- Status: Active
- Genre: World Cup
- Frequency: Singles: every year Mixed team: every year
- Location: Various
- Inaugurated: 1980
- Organised by: ITTF
- Website: ITTF

= Table Tennis World Cup =

Annual table tennis tournament

The Table Tennis World Cup has been held annually since 1980. There had only been men's singles until the start of women's singles in 1996 and team competitions in 1990. The competitions are sanctioned by the International Table Tennis Federation.
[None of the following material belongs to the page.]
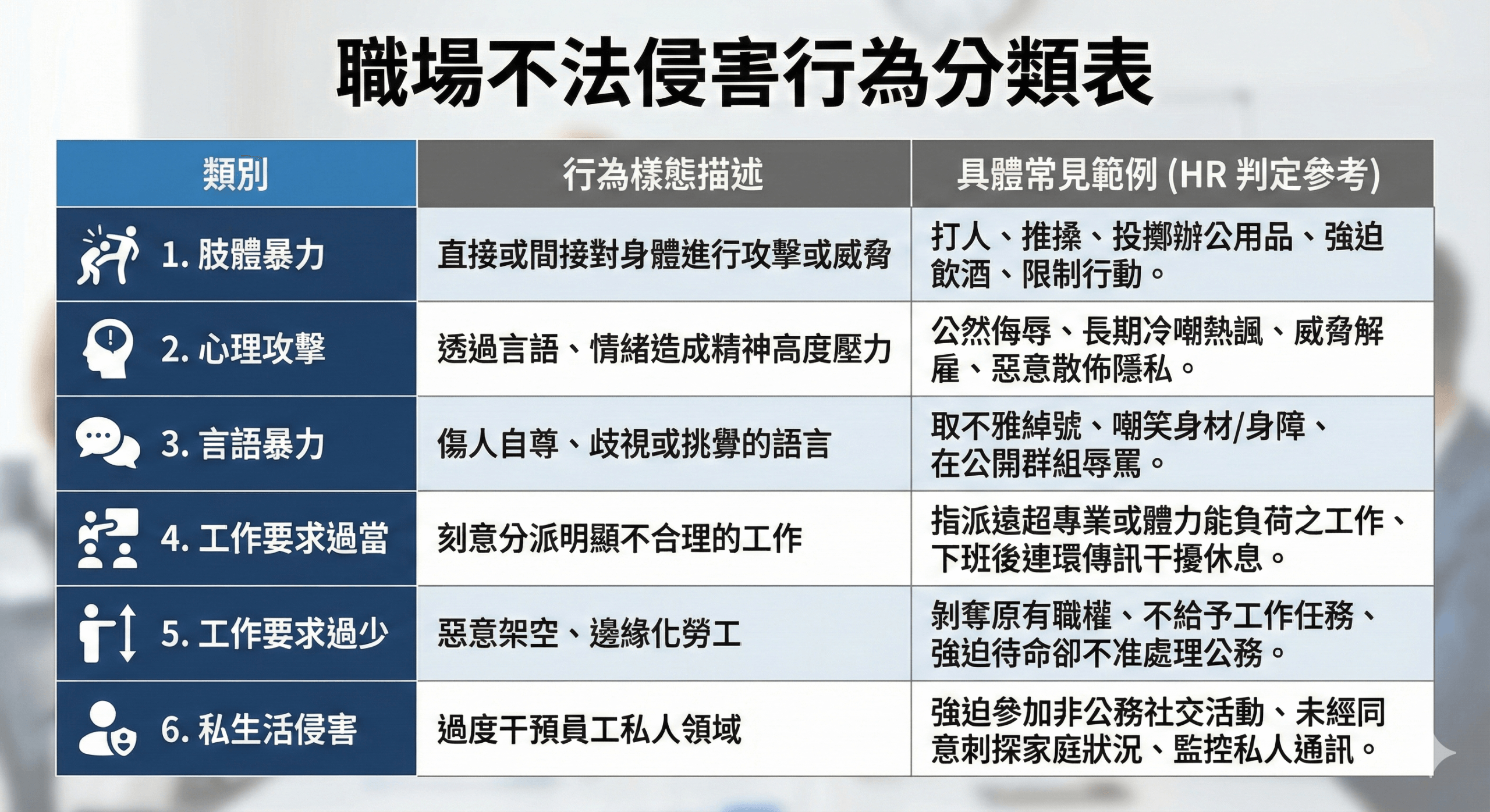 依據勞動部《執行職務遭受不法侵害預防指引》,主要可歸類為以下六大類。人資應將此表製作成內部公告,提升全員識覺。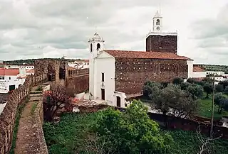 ![]() Castillo de Alandroal, Portugal. Vista desde el adarve; al fondo, la iglesia de N. Sra. da Graça, y al fondo, la torre del homenaje. | ||

In the years 2021–2023, the event was suspended. A new WTT event, WTT Cup Finals, began in 2021, which is the season-ending championship of the WTT. WTT stated that the winners of the WTT Cup Finals would win the prestigious ITTF World Cup trophies in March 2021, but the winners have been actually presented with WTT Cup Finals specific trophies since the inaugural edition, and the event has been renamed to simply WTT Finals since 2023, making it a pure season-ending event.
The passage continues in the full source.